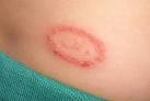 Ringworm of the body (tinea corporis): Ringworm of the body (tinea corpus) is a fungal infection that appears as itchy, red, scaly, slightly raised, expanding rings on the body. The ring grows outward as the infection spreads, and the center area becomes less actively infected. Ringworm is contagious. You can catch the infection through skin-to-skin contact with an infected person or by coming into close contact with contaminated objects, such as unwashed clothing or bedding. Treatment usually requires prescription antifungal medication. A tinea infection in the groin is called jock itch (tinea cruris), and a tinea infection of the foot is called athlete's foot (tinea pedis).
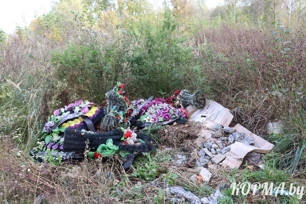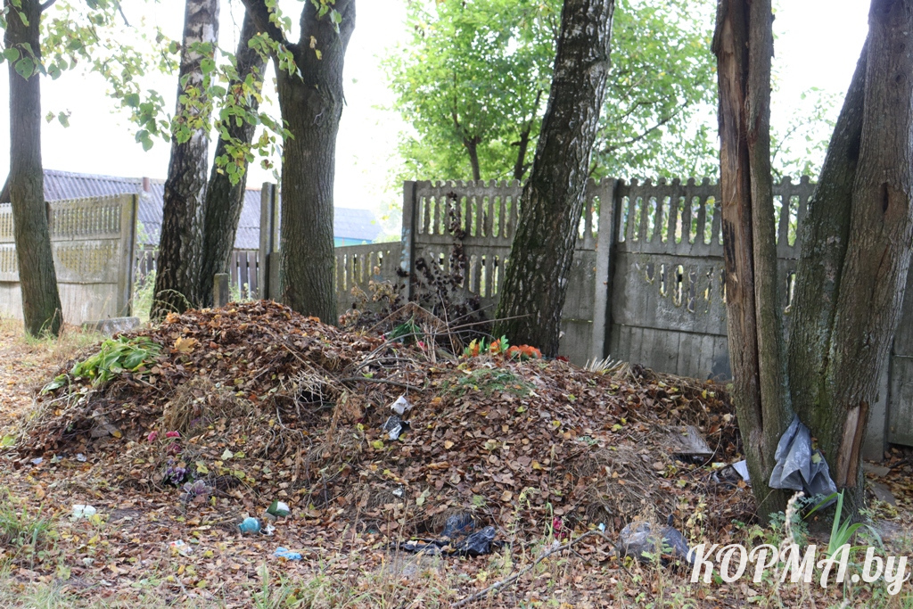 Вот и сейчас на центральном кладбище г. п. Корма есть несколько мест, где собрана опавшая листва, увядшие цветы, трава, старые венки и пластиковые букеты. И даже валяются фрагменты разбитых памятников, в том числе и со стелами. Неужели устаревший символ памяти при установке нового оказалось сложно закопать на том же участке? Всё это со временем накапливается, превращаясь в стихийные свалки. Одна из них находится прямо у центрального входа. Другие – вдоль дороги и на окраине кладбища. И если оттуда до контейнеров далековато, то оставлять мусор на виду у всех, кто пришёл посетить могилы близких, у погребальных процессий – просто недопустимо.
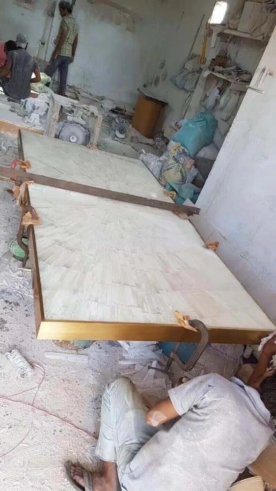 Welcome To Unique-Handicrafts Shop Description Very unique Art by Indian Artist ,Coffee/Side Table top Used Material: Marble & Multi Semi Precious Gemstones Inlaid Size: 48"x24" inch Color: White Shape: Rectangle Pattern: Handmade Room: Bedroom, Dining Room, Hallway, Home Office/Study, Kid’s Bedroom, Kitchen, Laundry/Utility Room, Living Room,Patio, Playroom Packaging: Wood & Foam Export Packing Shipping: Air Can be customize ,Please message your desired size Process of Making Marble Inlay 1. We are inlaying semiprecious stones in three different colors of marble White Marble,Black Marble & green marble. 2. The Marble used to inlay the semiprecious stone comes from city of Makrana, Rajasthan India. 3. First we cut the marble in different shape example Round,Octagonal,rectangle,oval & square shape. 4. After cutting the marble we paint the surface of marble with Hina(red Color) so we can sketch the geometry on the surface of Marble. 5. With the Help Of emery wheel we cut,polish & shape the semiprecious in different forms of flowers,buds,leafs & stems all the cutting of the semiprecious stones are manually cut by the artisans. 6. After cutting the semiprecious stones we assemble them to complete the motif & then the semiprecious stones are placed on the surface of marble so we can trace them on the surface of marble to make the exact size of the cavities once the stones are traced we remove the stones from the surface of marble & then manually we chisels the marble with the diamond chisels & tungsten carbide chisels once the cavities are completed we place the semiprecious stone in the cavities to check the depth of the stones. 7. When we are fully sure that the stone fits well in the cavities we use special kind glue to fix the semiprecious stones into the marble. 8. After completing the inlays into the marble we first rub the surface of marble with sandstone & then we polish the surface of marble with sandpaper which brings the natural shine on the surface of marble & to the semiprecious stone & we use wax polish to make the surface shiny. 9. Most interesting expect of this pietre dure( marble inlay with hard stone) all the designs are made by the artisans are purely an imagination of artist once made they cannot make another one exactly the same it will look similar but will not be the same. 10. This beautiful art is a dying art of Agra,India the artisans those make this beautiful art are the descendants of those families who built the Tajmahal in 17 century Tajmahal is a monument of love & you can easily see the artwork done with the same technique on the walls of the Tajmahal. 11. I Invite you to come to Agra,India & visit the beautiful Tajmahal & you will surely be impressed & we request you give us a chance to show you the true handmade art of Agra by our artisans. 12. When you are purchasing this beautiful handmade Marble inlay art you will always be happy because all the pcs made by our artisans with love,hope & happiness. 13. You will always be enjoying the beautiful handmade marble inlay artwork secondly you will be supporting the local artisans of Agra,India to keep this beautiful dying art Alive. 14. All the purchase benefits the artisans & the buyer as there is no middle men in selling & buying. Inspiration/Story Behind This Product 1. This beautiful inlay art is a dying art of Agra,India the artisans those make this beautiful art are the descendants of those families who built the Tajmahal in 17 century Tajmahal is a monument of love & and one of the seven wonders in the world you can easily see the artwork done with the same technique on the walls of the Tajmahal. Note 1.The marble inlay table is made in Agra, India. 2.The marble inlay table will be delivered by FedEx or DHL free of cost door to door. 3.If there is any local tax,custom duties or Vat will be paid by the buyer at the destination. 4.The parcel is dispatch with proper packing & fully insured covering all kind of risk. 5.This marble table illuminates if the light arrangement is made under the plate. 6.It is an art piece which will be a beauty & the conversation pieces at home. 7.If You Are Looking Something Customize, Let Us Know We Will Make For You As Per Your Design, Size & Shape. 8. This is only Table Top & Base/Leg is not included. If you want stand/leg also, please contact us For Wholesale or corporate Inquiry please contact us. Thank you very much for admiring beautiful handmade marble inlay art. Please recommend your friends & family members to visit our ebay store this art is Dying art of Agra & we need your participation to keep this dying art alive. Thanking you in anticipation for your great support. If you are in Agra please email us we love to show you the process of marble inlay work at our premises

The problem:
Each line from the first line of the listing above through the line containing "Вот и сейчас" is to be written out exactly, and the pictures are to be left out.

Completed exercise:
 Ringworm of the body (tinea corporis): Ringworm of the body (tinea corpus) is a fungal infection that appears as itchy, red, scaly, slightly raised, expanding rings on the body. The ring grows outward as the infection spreads, and the center area becomes less actively infected. Ringworm is contagious. You can catch the infection through skin-to-skin contact with an infected person or by coming into close contact with contaminated objects, such as unwashed clothing or bedding. Treatment usually requires prescription antifungal medication. A tinea infection in the groin is called jock itch (tinea cruris), and a tinea infection of the foot is called athlete's foot (tinea pedis).
 Вот и сейчас на центральном кладбище г. п. Корма есть несколько мест, где собрана опавшая листва, увядшие цветы, трава, старые венки и пластиковые букеты. И даже валяются фрагменты разбитых памятников, в том числе и со стелами. Неужели устаревший символ памяти при установке нового оказалось сложно закопать на том же участке? Всё это со временем накапливается, превращаясь в стихийные свалки. Одна из них находится прямо у центрального входа. Другие – вдоль дороги и на окраине кладбища. И если оттуда до контейнеров далековато, то оставлять мусор на виду у всех, кто пришёл посетить могилы близких, у погребальных процессий – просто недопустимо.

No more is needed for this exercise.